I was struck by a recent video that I saw of the philosopher Krishnamurti, where he strongly emphasizes that the "how" of things is destructive to human creativity. I both agree and disagree. I think that if we use method manuals to inspire ideas in ourselves, they work well, and if we don't take them as instruction manuals but as food for thought, we will do much better. If all we did was follow method manuals in life, we would be left with nothing more than exoskeletons for thoughts.
A client of mine who was often invited to speak at prominent academic meetings at business schools once said to me, "As soon as I see people writing down what I am saying and "tuning out" to the tone of what I am saying, I know that I am losing my audience. My message is not 'do what I do' it is actually 'do what you want to do, the way I did.'" Method manuals, when they are written from the heart, convey the power of authenticity. They move us to greater heights because they allow us to tap into our own power. But when we adopt them without consideration for who we are, all we are is followers under the rule of a dictator.

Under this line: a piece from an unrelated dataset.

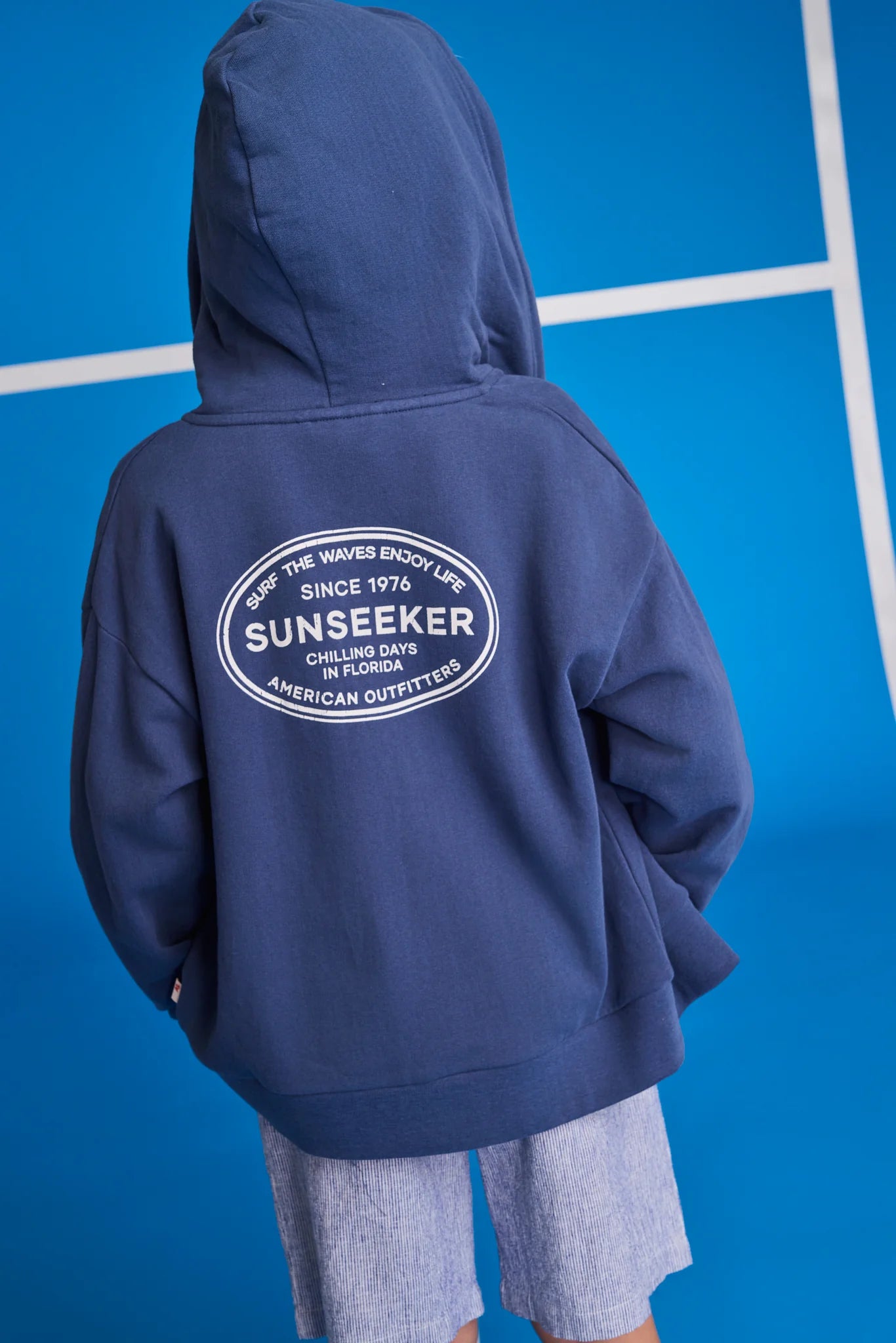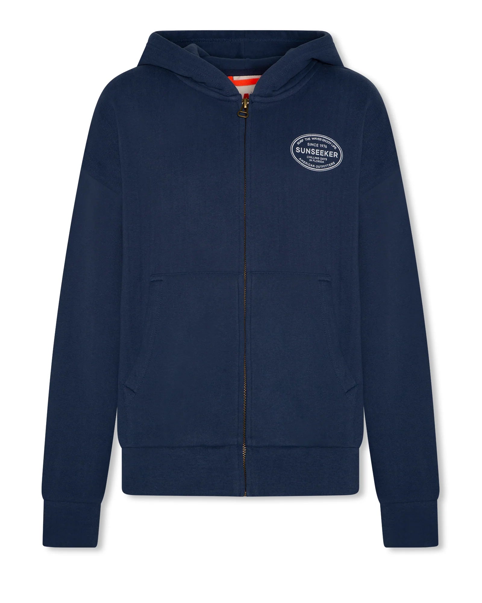 Hoodie från AO76 med dragkedja, fickor fram och luva. Med tryck inspirerat av sommaren, sol och bad.
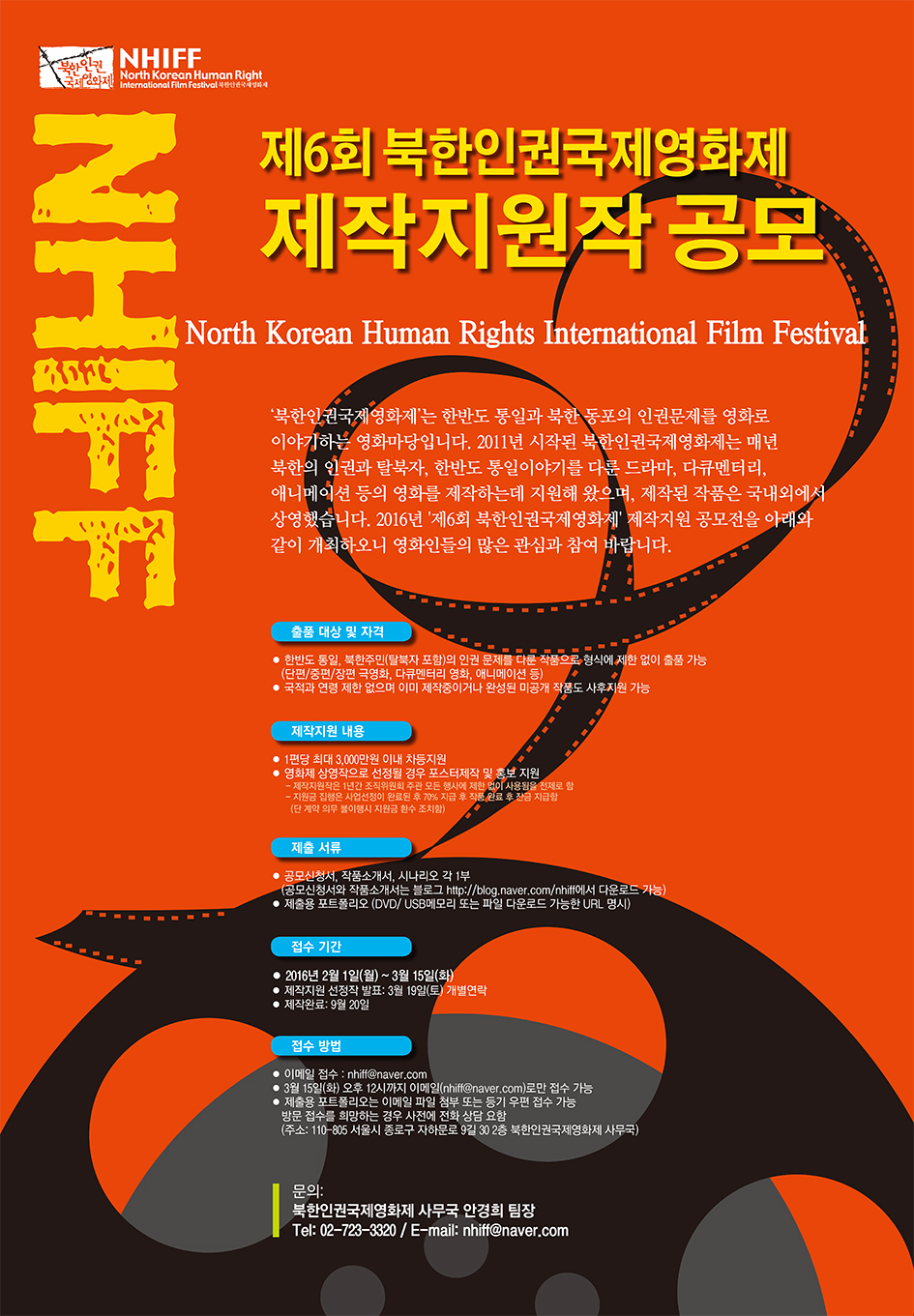 - 북한인권국제영화제 사무국 안경희 팀장 Tel: 02-723-3320 / E-mail: nhiff@naver.com

I think that most experts strive to reach the part of you that wants to grow and then leave you to figure out your own way.
Krishnamurti's argument is that if we live in the "how" of things, then we are living in the past. We are taking a former method and we ignore any new discoveries that we can make. We have masterfully minimized the conditions to live this way. Imagine if you had a home delivery of your multimedia system and were left to set this up on your own? Or if someone dropped your cooking range off and wished you the best? Imagine if you hired someone to clean your gutters in the fall, and he or she said: "Hmm ... I think I can figure this out." For one, I would be without sound, a stove top and living in a leaky house ... unless I decided to do these things myself which I don't immediately imagine I could.
Here is where the trap lies. While there is some immediate reality to the relative impossibility of putting my range together electrically without electrocuting myself and the entire neighborhood, there are certain situations in which we might actually be better off doing things ourselves. For example, it would behoove us to think of how we want to choose our careers, or how we want to dress, or how we think that we can find our freedom, or how we want to find love. The ways and instructions that exist out there are valuable if we use them as tools to stimulate our own imaginations. (Yes, yes, I know -- many people wish that men would follow the method manual for driving directions!).
So here are some ideas (not rules) to ask yourself some questions:
1. Are you creating self-limiting beliefs for the things you most want out of life?
2. When was the last time you felt like you were the creator of something (other than that night of passion that you wanted to forget)?
3. What if after the next guide book you read, you said: "I like how he or she does it. How would I fit this into my own way?"
Essentially, you can buy the wool, but you can knit the garment. You can get the electrician to fix your stove, but you can experiment with cooking. You can read all the books you want, but nobody, not even experts, can live your life for you. You are the expert of your own life. The rest of us are out there to help you get to your expert self.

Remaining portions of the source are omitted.